Dalam dua menit setelahnya, Sara masuk kedalam air, bergabung dengan suaminya. “Oh my god it’s extremely deep! It’s extremely deep! I can’t...” Sara tertawa lepas, sangat bahagia. Renas tepat didepan matanya, menjaga. “You’re alright…” Renas masih memandangi istrinya, dari mata hingga ke pinggang, memegangi lengan Sara. “You’re alright,” Renas meyakinkan.

Beberapa detik berlalu, Sara lebih tenang, memandangi mata suaminya yang berada sangat dekat dengan dirinya. Pernahkah sedekat ini? Renas memegangi lengan kiri Sara, menjaganya. “Do you wanna dive in?” Renas menggoda.

“No!” Sara berteriak, tertawa setelahnya. “I’m going back to the canoe, it’s too deep i can’t…”

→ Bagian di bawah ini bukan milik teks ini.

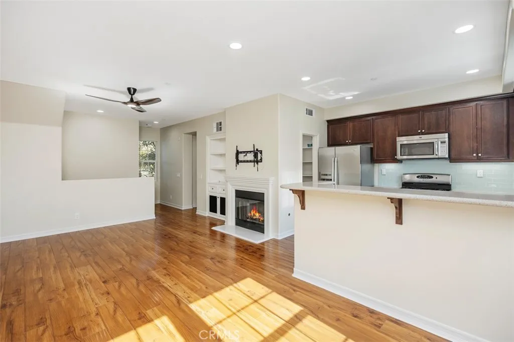 Welcome to your new home in the heart of Columbus Square. This beautifully updated, turnkey tri-level townhome offers 2 bedrooms and 2.5 baths, with thoughtful upgrades throughout. From the newer gas water heater and Wi-Fi–enabled garage door motor to the neutral paint, LED recessed lighting, and custom Roman shades, every detail has been carefully considered. On the first level, you’ll find a convenient indoor laundry room with a full-size washer and dryer, ample cabinetry, and space for folding. There’s also a storage closet and direct access to the attached two-car garage, plus your own private driveway—a rare and valuable feature in this community. Upstairs, the main living area is bright and inviting, featuring engineered wood floors, a cozy gas fireplace, and an open layout that flows seamlessly into the dining space. The living room includes a built-in media cabinet and pre-installed TV mount, making it both functional and comfortable. A modern ceiling fan and nearby breakfast bar make everyday living and entertaining effortless. The kitchen is light and modern, showcasing quartz countertops, a glass tile backsplash, under-cabinet lighting, and sleek wood cabinetry. Stainless steel appliances—including the refrigerator, dishwasher, microwave, and gas cooktop—are all included, and a spacious pantry provides plenty of storage. A powder room and additional cabinetry complete this level. On the top floor, the spacious primary suite features custom Roman shades, a ceiling fan, TV mount, and a large walk-in closet. The en-suite bathroom offers dual vanities and a shower-tub combination. The secondary bedroom is versatile and ideal for a home office, workout space, or guest room, with its own ceiling fan, ample closet space, and easy access to a full bath. Located just steps from the greenbelt, you’ll enjoy access to community amenities including basketball courts, BBQ and picnic areas, and open green spaces. You’re also conveniently close to the OC Airport, Metrolink, major freeways, and The Village at Tustin Legacy, where shopping, dining, and everyday essentials are just minutes away. This home truly has it all—style, comfort, and an unbeatable location. Don’t miss the opportunity to make it yours.
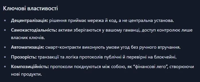 ✍️ DeFi (Decentralized Finance) — це сукупність фінансових сервісів на блокчейні, що працюють через смарт-контракти й децентралізовані додатки без банків та посередників. Користувачі самі керують активами у своїх гаманцях, а правила операцій закладені в код протоколів. DeFi забезпечує глобальний, відкритий і прозорий доступ до кредитів, обмінів, дохідності та управління.
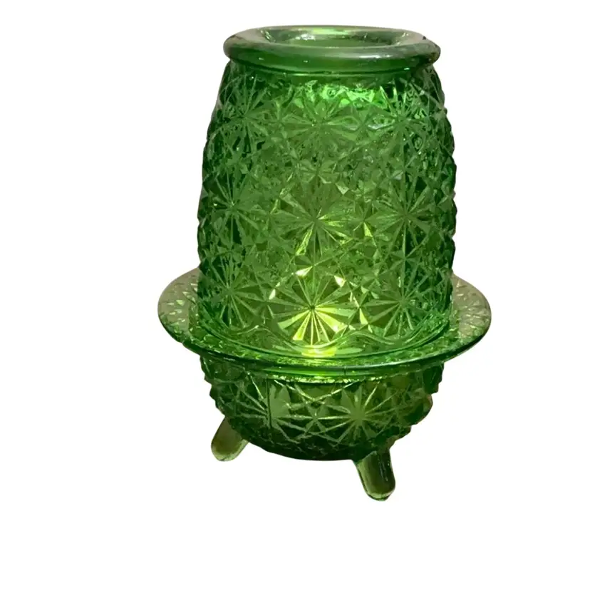 Gorgeous true green color glass on this fairy lamp. No condition issues. Unique 3-toed design. Perfect for Christmas or St. Patrick’s day celebrations.

Renas memotong dengan ciuman. Sara dengan cepat menyadari dan menutup matanya, mengikuti irama setiap detik nya. Sekali dan berhenti, Renas menatap Sara dalam-dalam. Kedua kali, panjang dan sangat tulus. Ciuman tepat di bibir, menggetarkan hati. “You’re alright now.” Suaranya begitu halus, begitu mencintai. Sara terdiam, menggilai pria didepan matanya itu.

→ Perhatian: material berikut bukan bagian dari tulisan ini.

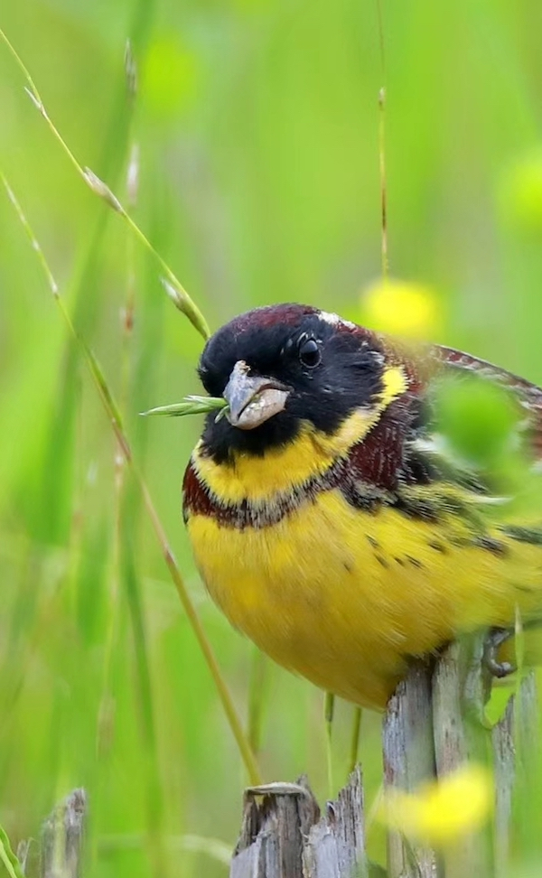 黄胸鹀,由于人为捕抓,IUCN级别连升两级,现为极危。
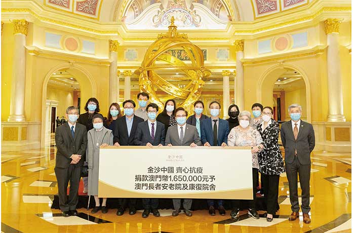 【特訊】在澳門特別行政區政府社會工作局的協調下,金沙中國有限公司於周三在澳門威尼斯人向本澳33間長者及康復院舍捐贈澳門幣165萬元,協助超過3100名長者及康復人士防疫以保障他們的健康,作為公司支持本澳防疫援助工作的一部分。
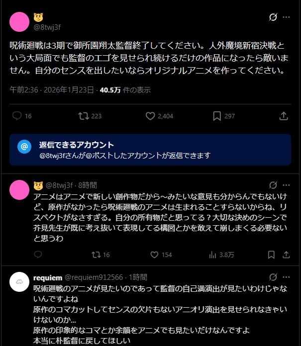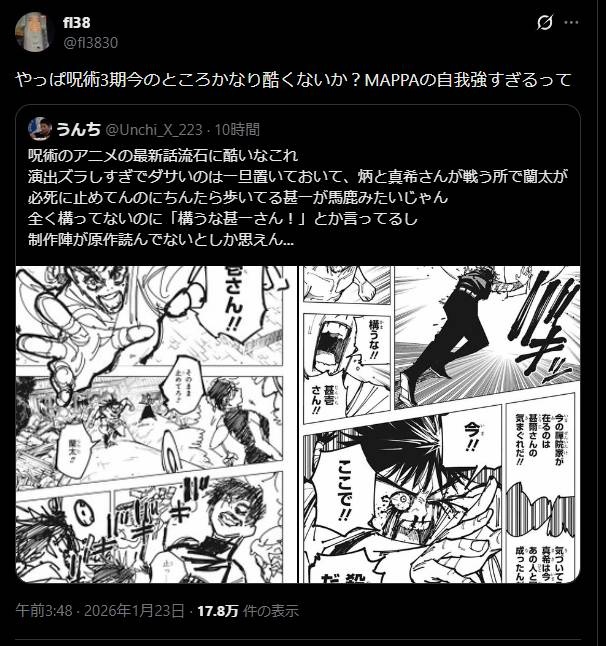 アニメは知らんが渋谷事変終わった後の原作はウ●コなんで脚本レベルから変えたほうがええやろ
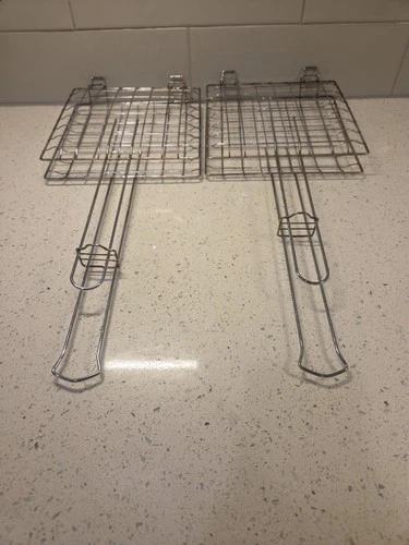 Set Of 2 Grill Basket 8x8" Lockable, Expandable, Heat Resistant

Sesampainya di pulau seberang, mereka berdua berjalan jauh hingga kedalam, menyusuri karang-karang putih tulang yang masih liar, bakau yang berserakan, mencuat dari mana saja sejauh mata memandang hingga nampaklah pantai dengan laut berwarna turquois, gradasi warna yang indah. Pasir putih menghampar, kerang-kerang dan bebatuan berserakan, mereka berbaring di bibir pantai mengizinkan ombak membasuh tubuh. Tidak jarang air masuk ke hidung dan mulut, kemudian mereka tertawa lepas, masih berbaring.

Renas berbaring di sisi kiri Sara, memiringkan badannya untuk menatap istrinya, siku kanan nya menopang tubuhnya. “Do you wanna have my child?” Renas bertanya. “Again,” sambungnya.

Sara menatapnya terkejut.

“Renas…” Sara terdiam, masih menatap.

“When did the last time you take the pills?” Matanya membara, bersungguh-sungguh.

Sara benar-benar terkejut detik itu. Tidak mampu bernafas.

“Three days ago.” Sara menjauhkan kepalanya, takut dengan kejujuran yang baru saja ia katakan. Takut jika Renas akan marah. Tiga hari lalu berarti kemarin malam sudah tidak lagi…

“You didn’t take it last night?” Renas mempertegas.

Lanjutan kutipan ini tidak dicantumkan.